TASK PROMPT. Repeat only the lines below from the one that contains "Lediglich die Gräber" through the final line, exactly. Omit pictures.

DATA SECTION.
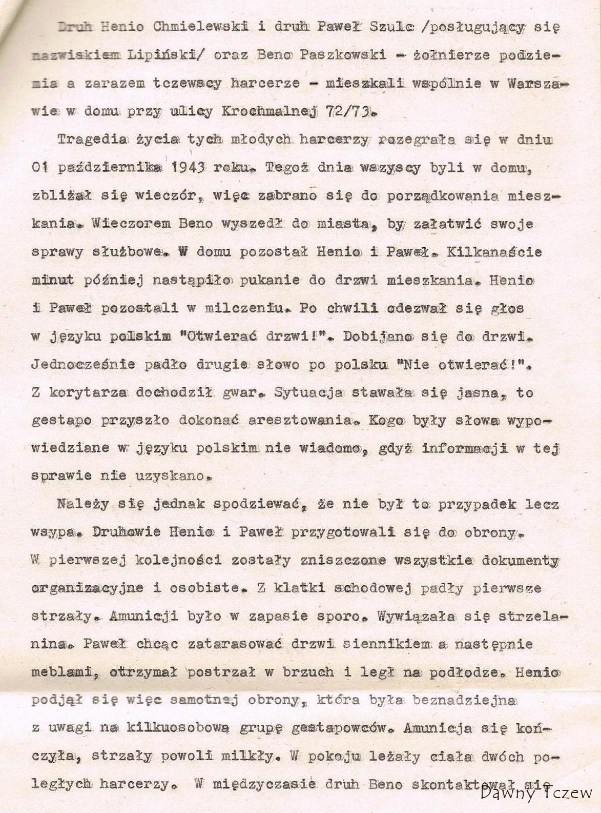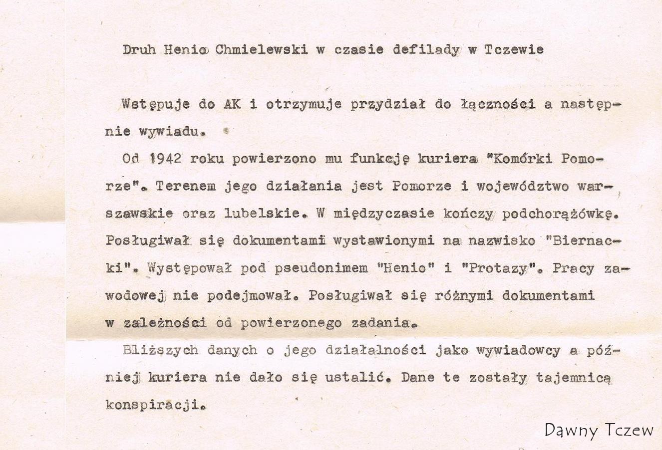 Kazimierz Smoliński pisze:Henryk Chmielewski ps. "Biernach" ur. 16.08.1922r w Tczewie, zginął 2.10.1943r w Warszawie na Pawiaku po ciężkich torturach. Absolwent Państwowego Gimnazjum Mechanicznego w Tczewie w 1939r. Harcerz III szkolnej drużyny im. Króla Jana Sobieskiego. motto " Wiara nasza silą"
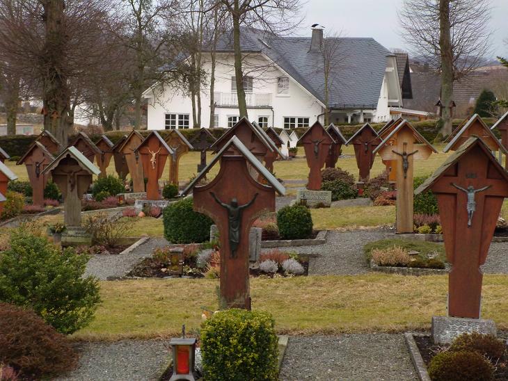 Lediglich die Gräber der verstorbenen Pfarrer haben eine entgegengesetzte Ausrichtung.
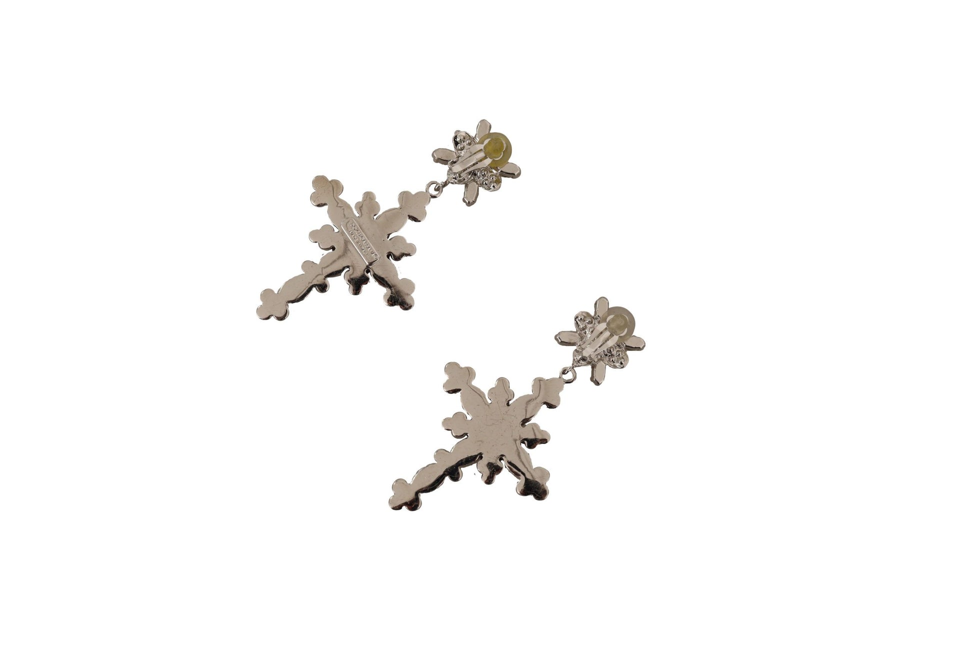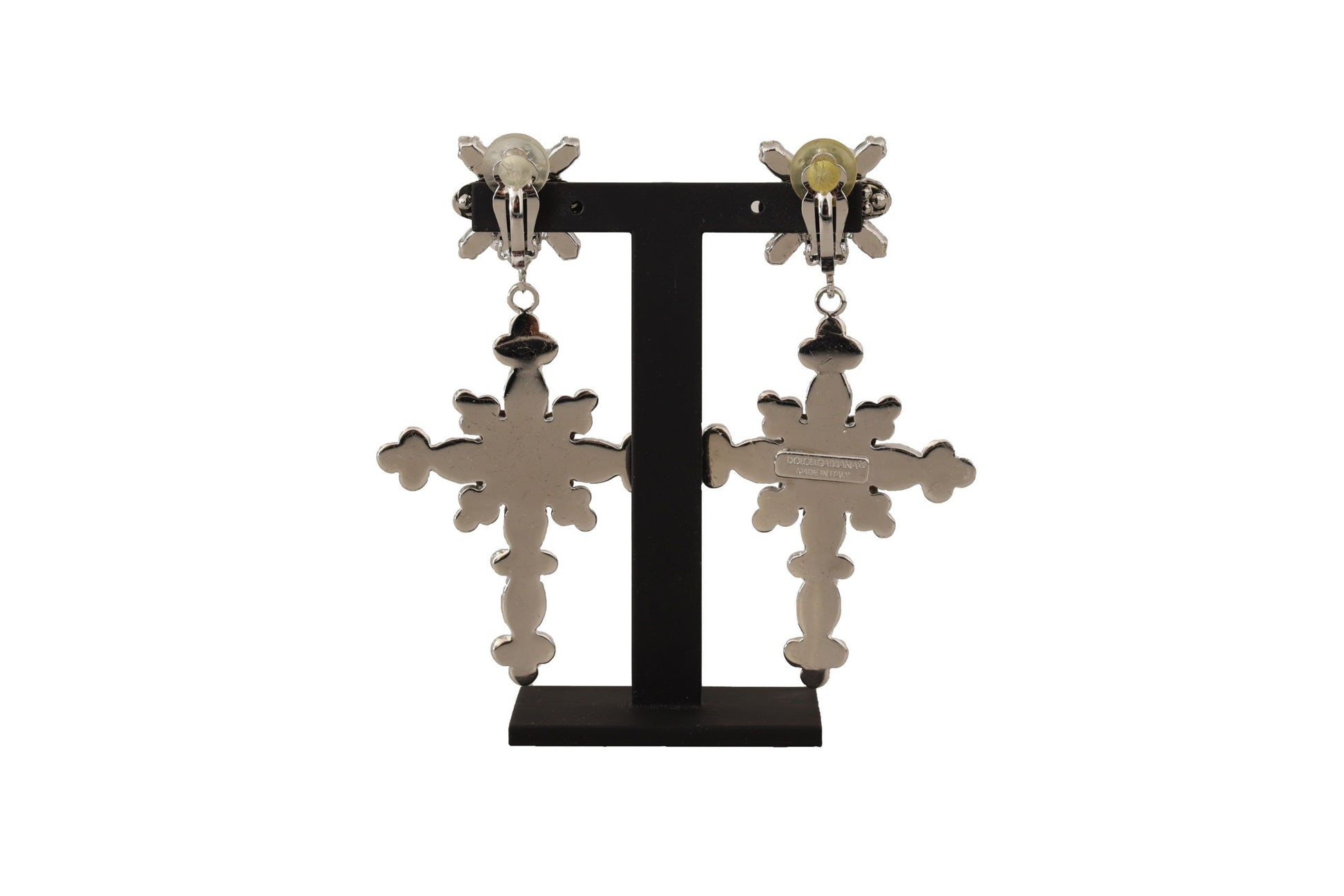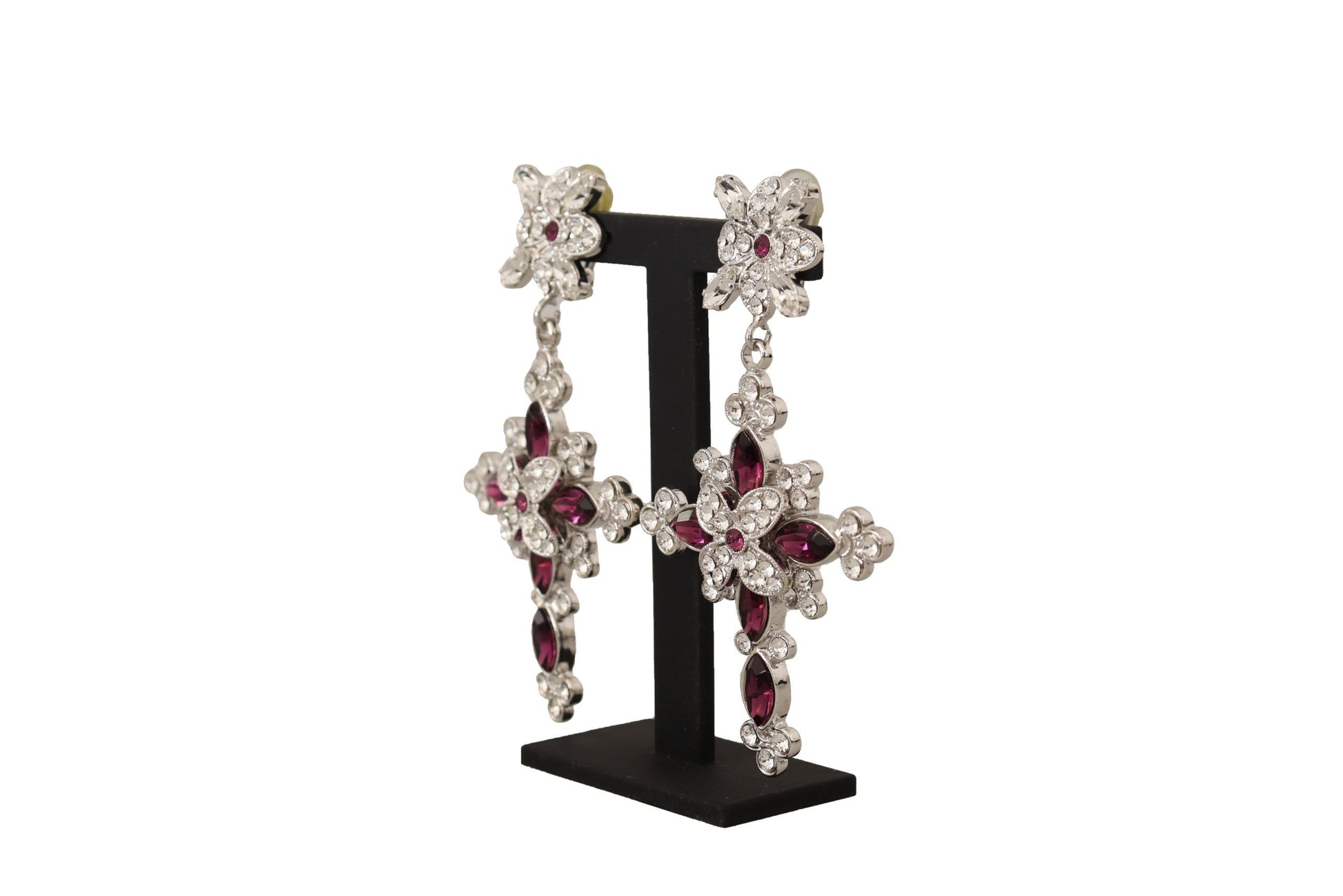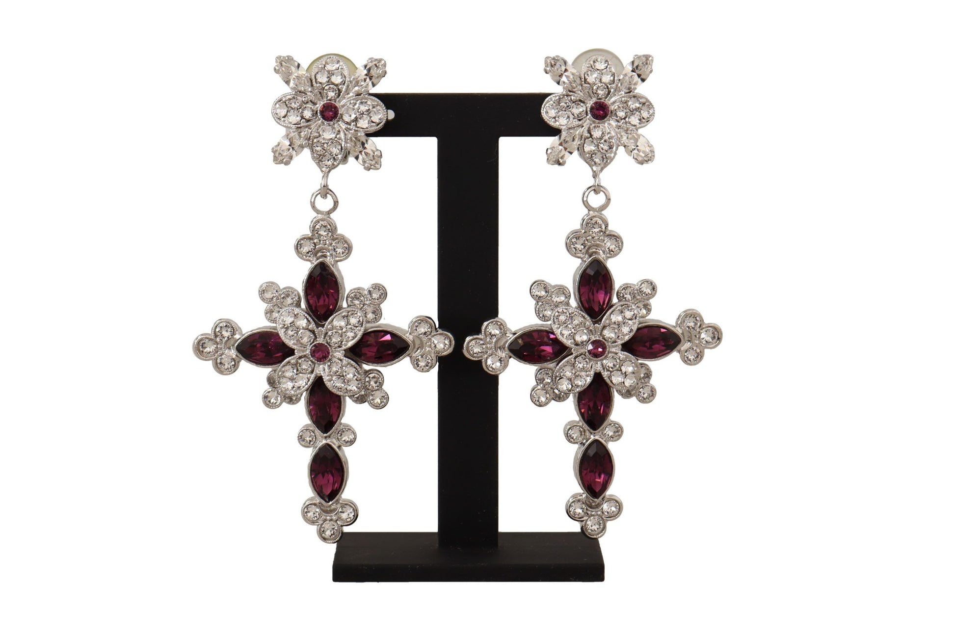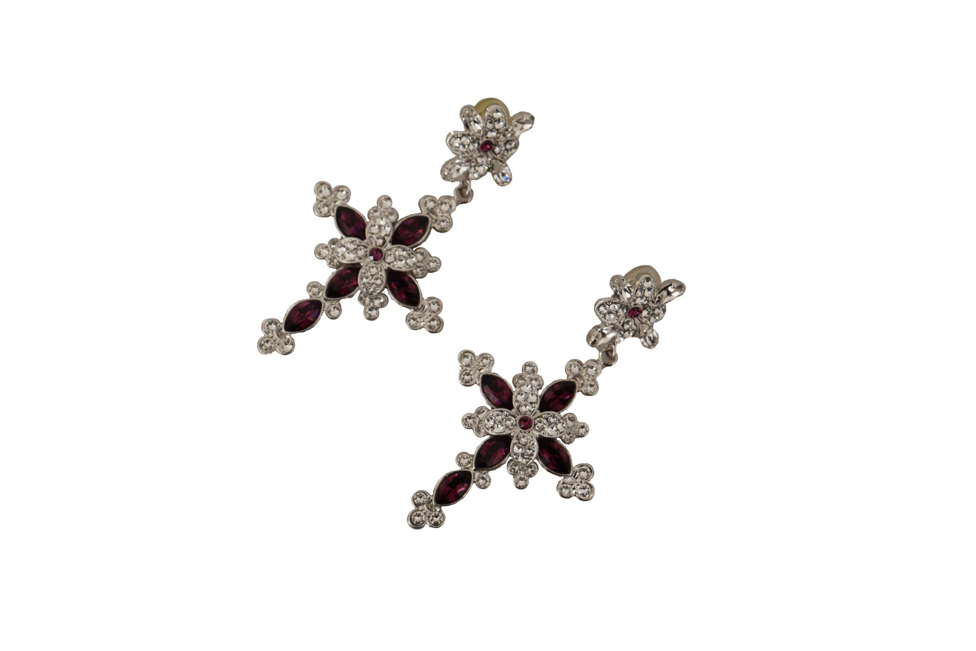 Indulge in the divine elegance of these Gorgeous brand new, 100% Authentic Dolce & Gabbana dangling cross earrings. These clip-on earrings add a touch of grace and sophistication to any ensemble. With exquisite silver color, adorned with clear and purple crystals, they ensure an opulent sparkle from every angle. Logo details attest to the exclusive design, all Made in Italy, providing an epitome of luxury for those special occasions.

TASK RESULT.
 Lediglich die Gräber der verstorbenen Pfarrer haben eine entgegengesetzte Ausrichtung.
 Indulge in the divine elegance of these Gorgeous brand new, 100% Authentic Dolce & Gabbana dangling cross earrings. These clip-on earrings add a touch of grace and sophistication to any ensemble. With exquisite silver color, adorned with clear and purple crystals, they ensure an opulent sparkle from every angle. Logo details attest to the exclusive design, all Made in Italy, providing an epitome of luxury for those special occasions.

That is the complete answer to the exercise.